Im August hielt ein psychisch kranker Mensch die Bewohner von Haus Betro in Atem. Und nicht nur die Bewohner, auch Nachbarn beschwerten sich. Der unausgesprochene Vorwurf: Die Betreuer machen ja nichts. Genau, weil sie es nicht dürfen.
"Ich möchte um Verständnis werben", wendet sich Hilmer Ott, der Leiter der Betreuungsdienste für psychisch kranke Menschen (Betro) an die Saale-Zeitung. "Wir können unsere Bewohner nicht einfach in die Psychiatrie einweisen. Das ist ein komplizierter Prozess", erklärte Ott. Ohne richterliche Anweisung gehe da gar nichts. Und dann beschreibt Ott genau, was Anfang August geschah.
Ein psychisch kranker Bewohner - nennen wir ihn Henri K.
- hatte seine Medikamente abgesetzt, und zwar heimlich. "Die Bewohner richten ihre Medikamente selbst, wir schauen nur in Einzelfällen darauf, denn wir sind ja kein Heim", erklärt Ott. Der Mann, der an einer manisch-depressiven Erkrankung leidet, steigerte sich in seinen Wahn hinein. Das merkten die Betreuer vom Haus Betro dann schnell, "da ist der Zug aber schon fast durch", sagt Ott. Henri K.
zerschmeißt Geschirr auf der Straße, leert Essensreste über einem Auto aus, macht nachts kein Auge zu. "Aber es ist nichts passiert", schildert Ott. Und genau da liegt der Hase begraben.
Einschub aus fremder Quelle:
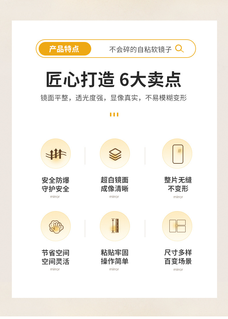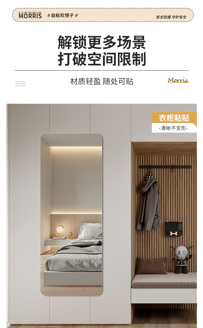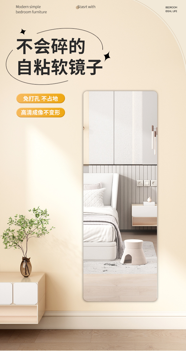 Espejo suave personalizado pegado a la pared espejo de cuerpo completo acrílico autoadhesivo baño baño HD maquillaje lente de tamaño pequeño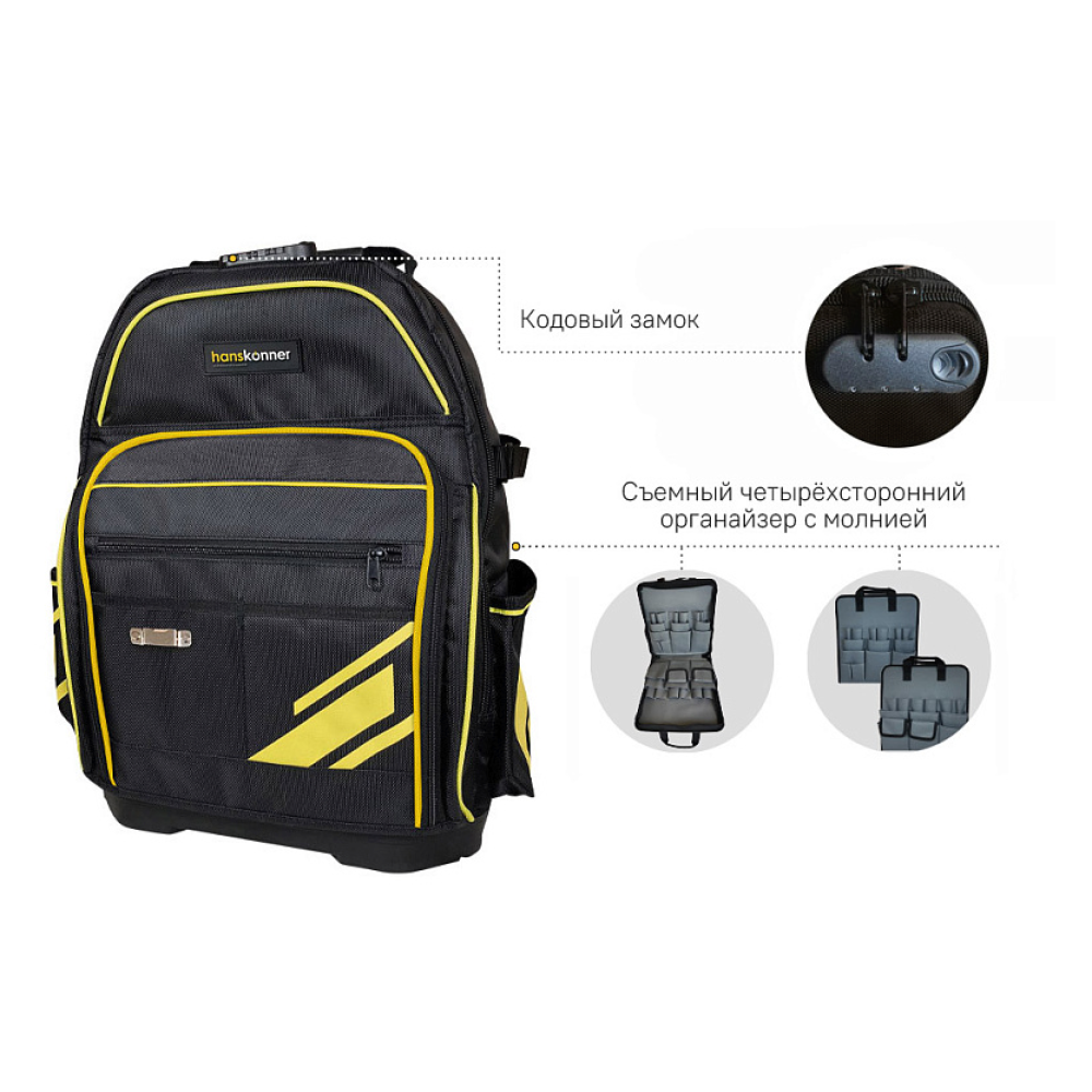 Дополнительные вставки в стенки и дно рюкзака позволяют ему лучше держать эргономичную форму при переноске инструментов.

Eine Zwangseinweisung ist streng geregelt Die Unterbringung von psychisch kranken Menschen in einer "geschützt geführten", also geschlossenen Abteilung, ist ein langwieriger Prozess.
Zuständig sind zunächst die vom Gericht bestimmten Betreuer. Ott informiert den Betreuer, der auch kommt. Er kann aber nur an Henri K. appellieren. "Solange der Mann nichts angestellt hat, also sich oder andere gefährdet, können wir nichts machen", erklärt Ott die schwierige Situation. Selbst die Polizei kommt nach Wildflecken. Und zieht unverrichteter Dinge wieder ab.
Dass Zwangseinweisungen so streng geregelt werden, hat einen guten Grund: Der Eingriff gegen ihren Willen wird für viele Patienten zum Trauma. Eine junge Frau, die auch bei Betro ist, hat das schon erlebt: Als sie 17 Jahre alt war, kam ein Psychologe zu ihr nach Hause. Alle erklärten ihr, sie müsse in die Klinik. "Ich dachte, ich bin die einzige Normale", erinnert sie sich. Dann steigt sie in den Krankenwagen, als nächstes wacht sie in einem Saal auf. In Werneck.
Noch Jahre plagen sie Alpträume.
Warten, bis etwas passiert Bei Henri K. gehen zwei Wochen ins Land. Es passiert ... nichts. Oder eben nichts, das gravierend genug wäre, um eine richterliche Anordnung zu rechtfertigen. Dann sagt sich Ott: "Das Vorspiel war lang genug!" und beantragt die ärztliche Unterbringung beim Gericht. Der positive Bescheid kommt auch - an einem Freitag, als alle Ämter zumachen.
Noch ein Wochenende, noch einmal Radau. Am Montag kommt der Krankenwagen für Henri K. Er wehrt sich nicht. Später, als er in Werneck wieder seine Medikamente nimmt, sieht er es ein. Endlich.
Nicht immer muss erst eine Zwangseinweisung angeleiert werden. "Wenn ich einen Rückfall gebaut habe", erzählt eine andere Frau, Mutter von drei Kindern. "Wenn ich einen Rückfall gebaut habe, dann bin ich aggressiv geworden." Gegen die Kinder.
Gegen den Mann, der damals noch ihr Mann war. "Aber irgendwie habe ich immer Einsicht gehabt", erzählt sie weiter und ihre Stimme wird dunkler. Mehr als 20 Mal war sie in der Klinik. Freiwillig.
Es gibt keine Garantie Im persönlichen Gespräch versucht Ott, die Bewohner zu überzeugen, sich rechtzeitig helfen zu lassen. "In 90 Prozent der Fälle funktioniert das auch", berichtet er.
Dann brauche es keinen Richter, die Dauer des Aufenthaltes in der Klinik sei nicht begrenzt. Es bleiben aber die zehn Prozent, bei denen alles Reden nichts nützt. Seit der Gründung von Betro im Jahr 2008 war es heuer das zweite Mal, dass ein Fall so eskaliert.
Für die Zukunft kann Ott solche Zwischenfälle nicht ausschließen: "Ich kann nur auf Beziehungsarbeit aufbauen, damit das nicht wieder vorkommt", sagt er. Garantieren kann er es nicht.